Paytm | Policybazaar | Zomato: What do plunging share prices of Paytm, Policybazaar teach us?

NEW DELHI: Storytelling is an art. An art that can reap huge rewards, especially on Dalal Street. But it can only take you so far. This is what plunging share prices of recently listed new-age companies show us.

Shares of Paytm have been on a free fall since listing, declining as much as 41 per cent. In just two sessions, it is close to hitting the 12-month target provided by Macquarie last week. A similar story is playing out in Policybazaar’s shares, which have plunged about 18 per cent in two sessions.

is also down about 16 per cent in the last four sessions.

What is common to the three is not that they were recently listed but all of them are loss-making companies yet to deliver a profit. None of them plan to deliver a profit in the near future as well. They entered the stock market as businesses of the future. Many retail investors who bought these stocks are facing a severe loss on their investments.



After a humongous rally, the market has entered a consolidation phase, many analysts say. And, it is this phase that a true test of a business’ mettle happens. Only names that are focused on delivering profit come out with flying colours from this phase.

Atul Suri, CEO at Marathon Trends, who runs a PMS fund, said in a recent address to his clients that the last two market crashes and the ensuing bull run showed that during the consolidation phase, only companies delivering profits rose. “The singular point that the market recognised in that consolidation phase is that stocks that have earnings continued to move up and stocks that were just story-telling and fairy tales declined. In an euphoric phase, everything moves up but when the market takes a pause, people start bifurcating actual earnings and story-telling,” said Suri.

As was evident in the last couple of weeks, among the first and largest casualties on Dalal Street were firms that have relatively lower profit visibility.
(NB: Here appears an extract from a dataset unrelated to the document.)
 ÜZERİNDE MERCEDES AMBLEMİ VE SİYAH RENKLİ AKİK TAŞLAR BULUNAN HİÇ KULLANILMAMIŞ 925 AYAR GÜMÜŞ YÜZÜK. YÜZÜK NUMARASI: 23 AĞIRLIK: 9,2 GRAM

These new-age companies, by their own admission, are not focussing on profits right now.

Yashish Dahiya, co-founder and chairman of PB Fintech, said in a recent interview to ET: “You are valuing them for what they can become in five to 10 years. Let’s not be stupid and force these companies to try and declare profits early. That will be value-destroying for shareholders in the long term…without a shadow of doubt.”

The IPO prospectus filed by Paytm has clearly stated that profit might be elusive in the foreseeable future. The management also indicated the same. The company is still draining money, often in the form of cashbacks, to gain more users. No one is sure if those users will bring revenue or not.
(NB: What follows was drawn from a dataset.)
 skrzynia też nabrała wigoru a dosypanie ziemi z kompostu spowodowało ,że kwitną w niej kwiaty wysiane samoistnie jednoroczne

“This is a company that seems to run on hyperbolic forecasts from its founders and top management, that are not just consistently higher than what the company delivers, but often by a factor of three or four,” wrote Aswath Damodaran, Professor of Finance at the Stern School of Business at New York University, in his analysis of the Paytm issue.

A projection by Ridham Desai of Morgan Stanley shows a new profit cycle is starting in India and this will lift the stock markets. Most likely, these new-age technology companies will not be a part of that cycle.

These risks were evident before the companies got listed. But retail investors seem to have ignored these risks. Inexperienced investors — maybe even experienced ones — bought the rhetoric being passed around by merchant bankers and some analysts.

It will be interesting to see if they have learnt their lessons from this debacle or will history repeat itself.